Matthias: Stijn, welcome to the show.

Stijn: Thank you, Matthias. Good morning.

Matthias: Good morning. Stijn, maybe first to get our listeners up to speed about Design Hotels. I mean, you obviously have a very renowned brand. Yet the term design hotels, of course, is also a pretty generic descriptor that's used by every hotel that puts a fancy chair in their lobby, right? So as Design Hotels actually goes far beyond pleasing or bold aesthetics, why don't you tell our listeners what makes a member of Design Hotels so special? What do they have that stands out from all the other pretty hotels out there?

Stijn: Absolutely. Thank you, Matthias. I think, first of all, it's all about our community of originals, as we call them. So they're these visionaries that have a big idea and that want to make this happen. So it's not just, as you rightly said, about just operating a good hotel. It's much bigger than that. We literally celebrate, and you know this really well, it's a very much of a curated group of hotels and we really celebrate that they're all different, but they're also based on that vision of the original behind it. You really feel that when you're in property. And I think that's what really makes it different, but it also at the same time takes a stand. It's bold, it's also disruptive, and it doesn't leave you indifferent, I would say. They're often off the beaten track locations. So very often we see that they really attract a more advanced traveler, so to speak. People really that look for purpose and something meaningful. And I think with that, we also really see that evolution. I think to your point, Design Hotels was really there at the origins of the early nineties, it was very out of the box. And I think the great thing is that if you look at us over those three decades, we call it that we've matured, but it's the essence of our brand that what we do is more relevant than ever.

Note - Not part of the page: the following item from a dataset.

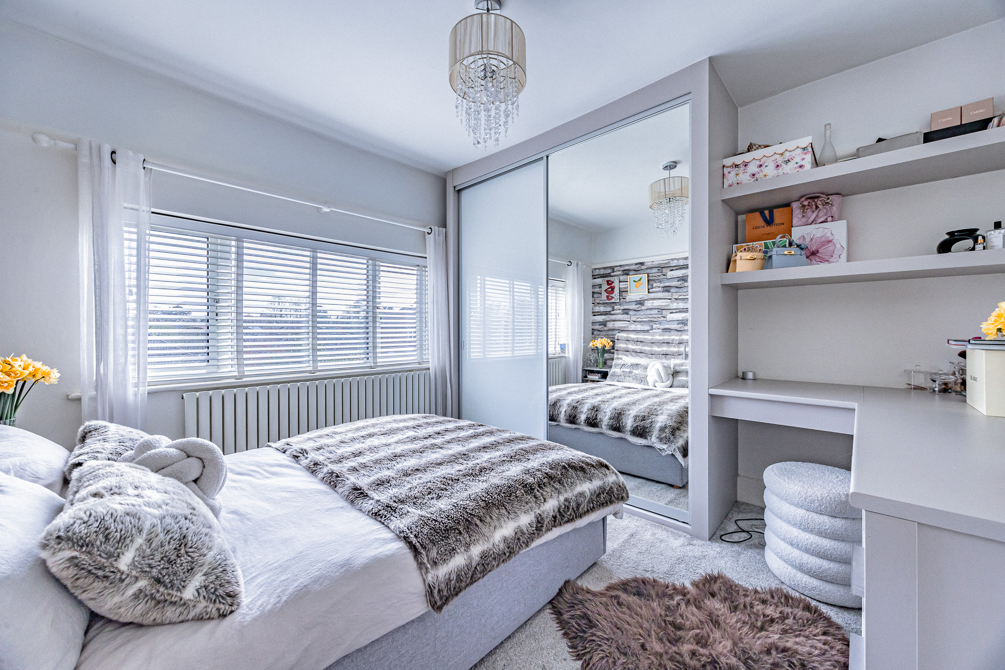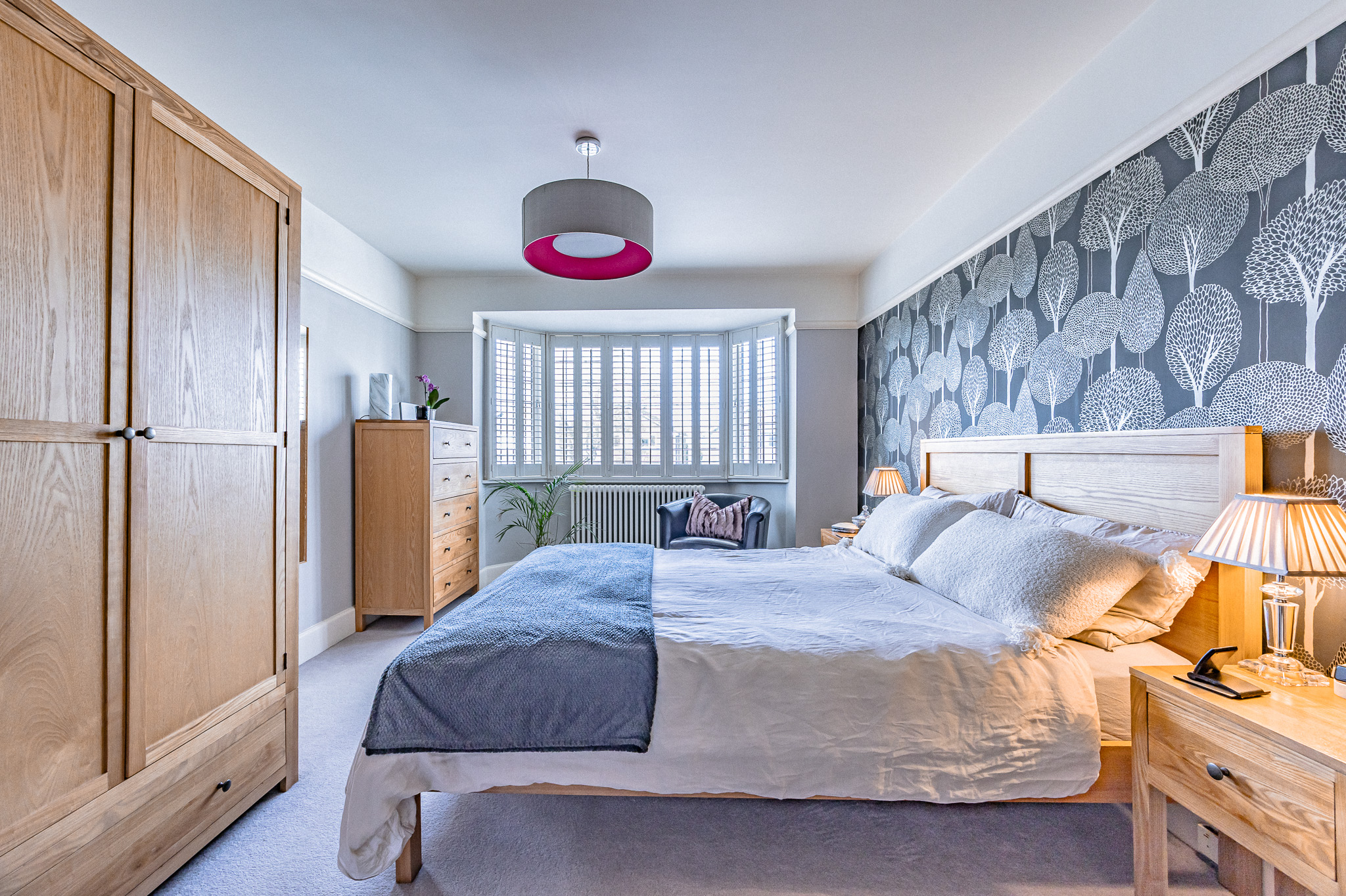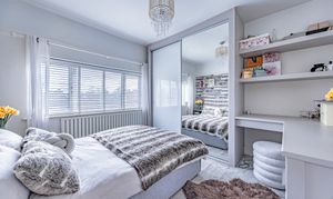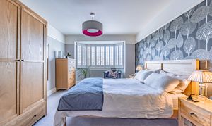 Upstairs, the property offers four well-proportioned bedrooms, comprising three generous doubles and a versatile single bedroom currently used as a home office. The principal bedroom benefits from a bay window and plantation shutters, while another bedroom features bespoke fitted sliding wardrobes, a built-in desk/dressing table and Venetian blinds. A further double bedroom also enjoys a bay window.

Matthias: As you said, they are very individual, which means you're less that kind of brand where it's all about standards and fitting into pretty clearly defined boxes. It's more a collection, as you also said. And if we talk about collections, there's a couple of things inherent in a collection. A, obviously, at some point, you have to value coherence of the collection over growth metrics, right? And the other thing is the curation is always very much shaped by, let's say, the collector, by individual caretakers whose voices and tastes it kind of represents or expresses. And as you said, in the early years, it was obviously the taste was Claus Sendlinger's taste, right? But now the organization has grown, the portfolio has grown, new owner and everything. So how do you curate your collection? How do you make sure it's building in the right way? You keep the quality high, how much freedom as it's now owned by Marriott, how much freedom do you actually have to tell Marriott, look, we didn't grow by so many times this year because the applicants weren't great? So how do you make sure the collection stays coherent and special and you don't just fill it up with something just for the sake of adding properties? How does the process go? Who's taste is it now, basically?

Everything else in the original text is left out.